Tidy Integration of Large Language Models • tidyllm

tidyllm is an R package for working with large language model APIs in data analysis workflows. It supports Anthropic Claude, OpenAI, Google Gemini, Mistral, Groq, Perplexity, DeepSeek, OpenRouter, local models via Ollama and llama.cpp, and more — all through a single consistent interface.

Features

Multiple providers: Switch between cloud and local models using the same verb + provider pattern.
Unified media system: Send images, audio, video, and PDFs to any provider that supports them via .media. Upload files to provider servers for reuse via .files and upload_file().
Interactive message history: Manage multi-turn conversations with structured history automatically formatted for each API.
Batch processing: Handle large workloads with Anthropic, OpenAI, Mistral, Groq, and Gemini batch APIs, reducing costs by up to 50%.
Tidy workflow: Pipeline-oriented, side-effect-free design that integrates naturally with tidyverse data workflows.

Installation

To install tidyllm from CRAN, use:

install.packages("tidyllm")

Or for the development version from GitHub:

devtools::install_github("edubruell/tidyllm")

Basic Example

library(tidyllm)

# Describe an image with Claude, continue with a local model
conversation <- llm_message("Describe this image.",
                             .media = img("photo.jpg")) |>
  chat(claude())

conversation |>
  llm_message("Based on that description, what research topic could this figure relate to?") |>
  chat(ollama(.model = "qwen3.5:4b"))

For more examples and advanced usage, see the Get Started vignette.

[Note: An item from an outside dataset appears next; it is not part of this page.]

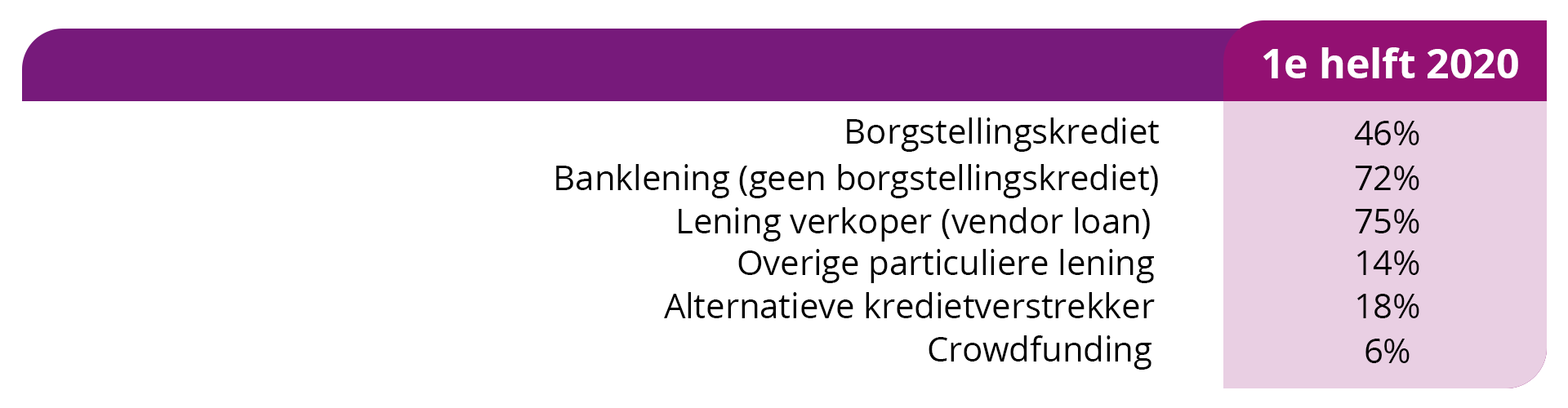 In lijn met de verwachting wordt de meerderheid van de transacties nog steeds gefinancierd met vreemd vermogen, waarbij de vendor loan de meest voorkomende financieringsbron is.
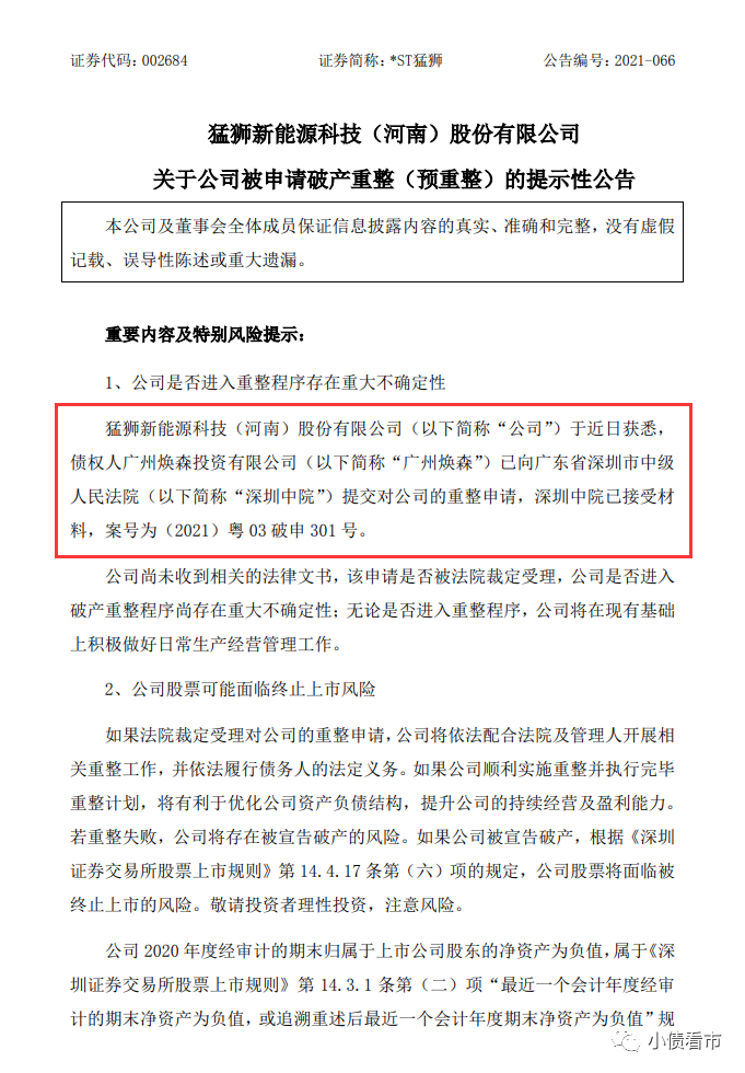 5月9日晚,*ST猛獅(002684.SZ)公告稱,債權人廣州煥森以公司無法履行擔保責任償付債權為由,向深圳中院提交重整申請,深圳中院已接受材料。

Please note: To use tidyllm you need either a local Ollama or llama.cpp installation, or an active API key for one of the supported cloud providers. See the Get Started vignette for setup instructions.

What’s new in 0.5.0

Unified media and files system. All non-text content now attaches to messages, not to chat() call arguments:

# Inline binary — works with any provider that supports the type
llm_message("Transcribe this audio.", .media = audio_file("recording.mp3")) |>
  chat(gemini())

llm_message("Summarize this paper.", .media = pdf_file("paper.pdf")) |>
  chat(claude())

# Multiple images in one message
llm_message("Compare these two charts.",
            .media = list(img("chart_a.png"), img("chart_b.png"))) |>
  chat(openai())

# Provider Files API — upload once, reuse across requests
report <- upload_file(claude(), .path = "annual_report.pdf")
llm_message("What are the key risks?", .files = report) |>
  chat(claude())

Audio and video are supported by Gemini, OpenRouter (Gemini, Gemma 4, Qwen 3.6, and other models), Mistral (Voxtral), and llama.cpp (Ultravox, Gemma 4, Qwen2.5-Omni). The .imagefile and old provider-specific upload functions still work but now emit deprecation warnings.

OpenAI now uses the Responses API (POST /v1/responses) with reasoning effort control, built-in web search, and background deep research:

llm_message("What are the latest developments in fusion energy?") |>
  chat(openai(), .tools = openai_websearch())

llm_message("Write a detailed report on EU AI regulation.") |>
  deep_research(openai())

Read the Changelog for the full list of changes.

Learn More

Similar packages

ellmer is especially well-suited for asynchronous chats, chatbots in Shiny, and advanced tool-calling workflows. Its design philosophy differs from tidyllm: ellmer targets interactive agents while tidyllm targets data pipelines and batch operations.
rollama is purpose-built for the Ollama API with specialized model management features not currently in tidyllm.

Contributing

We welcome contributions! Feel free to open issues or submit pull requests on GitHub.

License

This project is licensed under the MIT License — see the LICENSE file for details.